**DATA BELOW**.
****************

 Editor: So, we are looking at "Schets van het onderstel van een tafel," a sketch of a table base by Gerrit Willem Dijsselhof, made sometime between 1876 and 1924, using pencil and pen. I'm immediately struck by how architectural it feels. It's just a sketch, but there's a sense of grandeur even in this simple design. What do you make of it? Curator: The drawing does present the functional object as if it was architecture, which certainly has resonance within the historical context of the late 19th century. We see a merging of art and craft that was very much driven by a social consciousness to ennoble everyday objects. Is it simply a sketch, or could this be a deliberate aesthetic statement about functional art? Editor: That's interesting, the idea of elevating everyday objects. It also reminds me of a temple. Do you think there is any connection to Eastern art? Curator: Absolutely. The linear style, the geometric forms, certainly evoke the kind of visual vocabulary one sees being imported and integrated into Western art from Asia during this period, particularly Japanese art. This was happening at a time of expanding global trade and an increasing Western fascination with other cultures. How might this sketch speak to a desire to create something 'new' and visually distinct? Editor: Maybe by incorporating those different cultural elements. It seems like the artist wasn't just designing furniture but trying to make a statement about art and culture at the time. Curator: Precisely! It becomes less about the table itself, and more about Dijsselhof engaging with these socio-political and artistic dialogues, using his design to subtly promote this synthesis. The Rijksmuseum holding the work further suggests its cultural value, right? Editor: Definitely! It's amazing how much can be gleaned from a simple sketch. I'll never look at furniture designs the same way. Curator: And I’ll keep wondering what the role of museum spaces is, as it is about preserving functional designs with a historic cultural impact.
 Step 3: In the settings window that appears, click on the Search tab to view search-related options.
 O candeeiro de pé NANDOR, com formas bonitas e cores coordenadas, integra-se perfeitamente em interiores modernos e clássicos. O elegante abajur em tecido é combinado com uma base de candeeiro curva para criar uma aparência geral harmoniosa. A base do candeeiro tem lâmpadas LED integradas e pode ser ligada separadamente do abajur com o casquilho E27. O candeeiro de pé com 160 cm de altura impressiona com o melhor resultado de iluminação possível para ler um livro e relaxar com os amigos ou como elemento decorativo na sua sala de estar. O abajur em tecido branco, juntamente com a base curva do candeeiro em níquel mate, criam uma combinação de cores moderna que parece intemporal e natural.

****************

**YOUR INSTRUCTIONS**.
Restate the entire listing verbatim.

**WRITTEN ANSWER**.
 Editor: So, we are looking at "Schets van het onderstel van een tafel," a sketch of a table base by Gerrit Willem Dijsselhof, made sometime between 1876 and 1924, using pencil and pen. I'm immediately struck by how architectural it feels. It's just a sketch, but there's a sense of grandeur even in this simple design. What do you make of it? Curator: The drawing does present the functional object as if it was architecture, which certainly has resonance within the historical context of the late 19th century. We see a merging of art and craft that was very much driven by a social consciousness to ennoble everyday objects. Is it simply a sketch, or could this be a deliberate aesthetic statement about functional art? Editor: That's interesting, the idea of elevating everyday objects. It also reminds me of a temple. Do you think there is any connection to Eastern art? Curator: Absolutely. The linear style, the geometric forms, certainly evoke the kind of visual vocabulary one sees being imported and integrated into Western art from Asia during this period, particularly Japanese art. This was happening at a time of expanding global trade and an increasing Western fascination with other cultures. How might this sketch speak to a desire to create something 'new' and visually distinct? Editor: Maybe by incorporating those different cultural elements. It seems like the artist wasn't just designing furniture but trying to make a statement about art and culture at the time. Curator: Precisely! It becomes less about the table itself, and more about Dijsselhof engaging with these socio-political and artistic dialogues, using his design to subtly promote this synthesis. The Rijksmuseum holding the work further suggests its cultural value, right? Editor: Definitely! It's amazing how much can be gleaned from a simple sketch. I'll never look at furniture designs the same way. Curator: And I’ll keep wondering what the role of museum spaces is, as it is about preserving functional designs with a historic cultural impact.
 Step 3: In the settings window that appears, click on the Search tab to view search-related options.
 O candeeiro de pé NANDOR, com formas bonitas e cores coordenadas, integra-se perfeitamente em interiores modernos e clássicos. O elegante abajur em tecido é combinado com uma base de candeeiro curva para criar uma aparência geral harmoniosa. A base do candeeiro tem lâmpadas LED integradas e pode ser ligada separadamente do abajur com o casquilho E27. O candeeiro de pé com 160 cm de altura impressiona com o melhor resultado de iluminação possível para ler um livro e relaxar com os amigos ou como elemento decorativo na sua sala de estar. O abajur em tecido branco, juntamente com a base curva do candeeiro em níquel mate, criam uma combinação de cores moderna que parece intemporal e natural.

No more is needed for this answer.